We walked through into the hippodrome and went up the stairs, which had been worn down for centuries, until we reached the second deck. There were plenty of viewers up here too, but the huge size of the amphitheater meant that it was still not hard to find a free seat; the ancients built in style, you could not take that away from them.
A huge field spread out before us; in the middle, there was green grass. Around it, there stretched the oval of a racetrack. At the same time, you could have a half dozen other athletic competitions here. It wasn't for nothing that Baron de Coubertin had insisted on holding the Third Olympic Games precisely in New Babylon.
The pandemonium that reigned over it now was fairly extreme...
The sky, as before, was blanketed with a gray sheet of clouds, so Albert waved off a parasol offered to him by an old man, sat on the stone bench and took out his flask.

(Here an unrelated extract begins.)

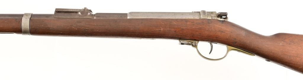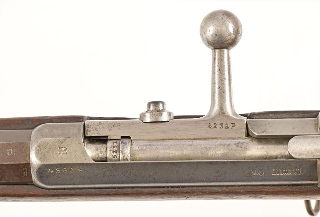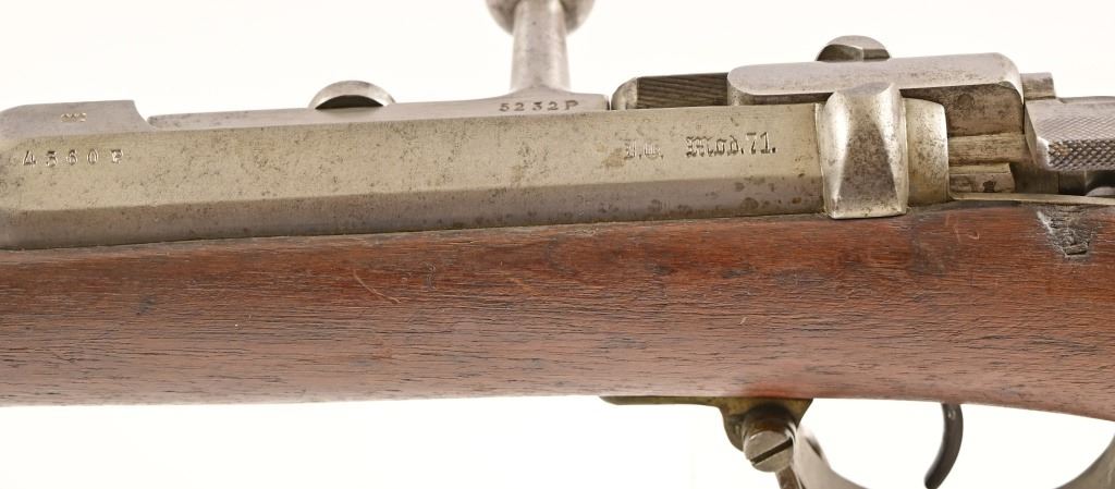 SN 4260P. Gewehr Model 71 Mauser. 11mm caliber. 33 3/4" barrel, decent bore. Wood is very good. Antique.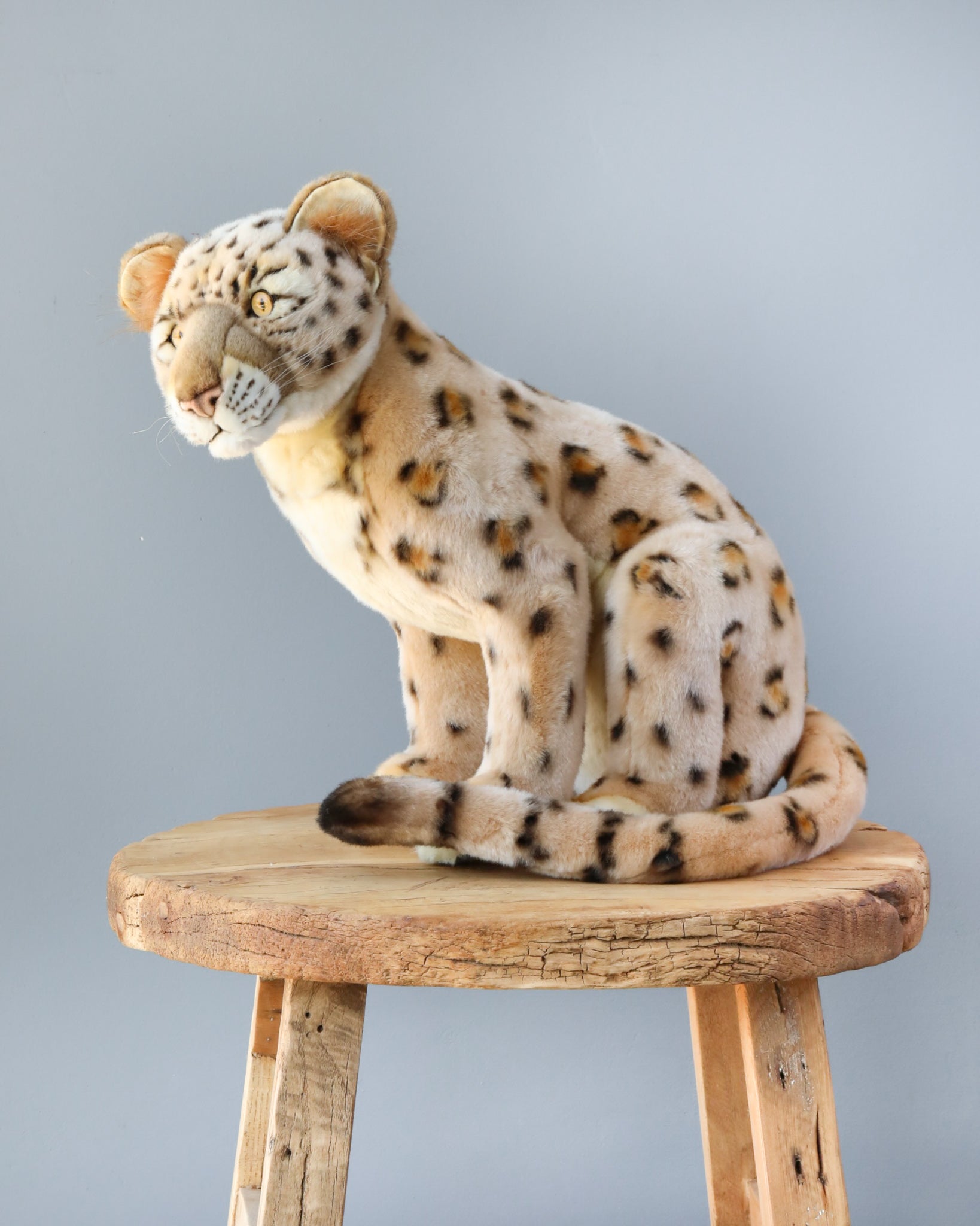 Artisans hand sew the animals "inside out", an old world tradition that results in the mininization of seams, and their bodies are carefully "sculpted" to create "musculature" and "features" like movement in a walking or sitting position that are unique to each creature. On average, there are 42 separate pieces required to make each animal, that must be combined by a team of truly creative artists to create the distinctly realistic features that characterize HANSA animals. (Some animals have as many as 240 different parts!) Each animal is individually hand sewn, to give it a unique "personality", there are more than 860 different fabrics and man-made furs from which the "coat" and "hides" are made, along with over 6000 sets of different eyes, whiskers, claws, noses, and related accessories allocated for creating these wonderful plush animals. Stuffing emphasizes careful attention to the placement of the highest quality man-made materials.

He removed the stopper, and the subtle aroma of calvados drifted up to my nose.
I took the yellowed ivory binoculars from the poet and craned my neck, looking at the dirigible hovering over the arena. Despite the gusts of wind, it was staying in one place as if it had been glued there; the whole hippodrome must have been as easy to see from there as the palm of your hand.
"The horses run on the ground, not in the sky," Albert reminded me, taking another gulp.
"I am aware," I grumbled and handed over the VIP theater glasses.
Elizabeth-Maria von Nalz was sitting there, hand-in-hand with the nephew of the Minister of Justice, a doughy young man in a suit worth six times what mine was. My heart began to groan as if it had been pierced with a rusty needle.
"The horses don't run in the skyboxes for the mucky-mucks either," the poet chuckled, following my gaze.
I tore myself from the binoculars, looking expressively at my friend and asked:
"Did you bet a lot of money?"
"What does it matter to you?" Albert flared up, hurt to the quick by my insinuation. "I mean, I'll make it all back right now just from Admiral. He'll definitely come in first!"
"So, he's the reliable favorite? Who gave you the tip?"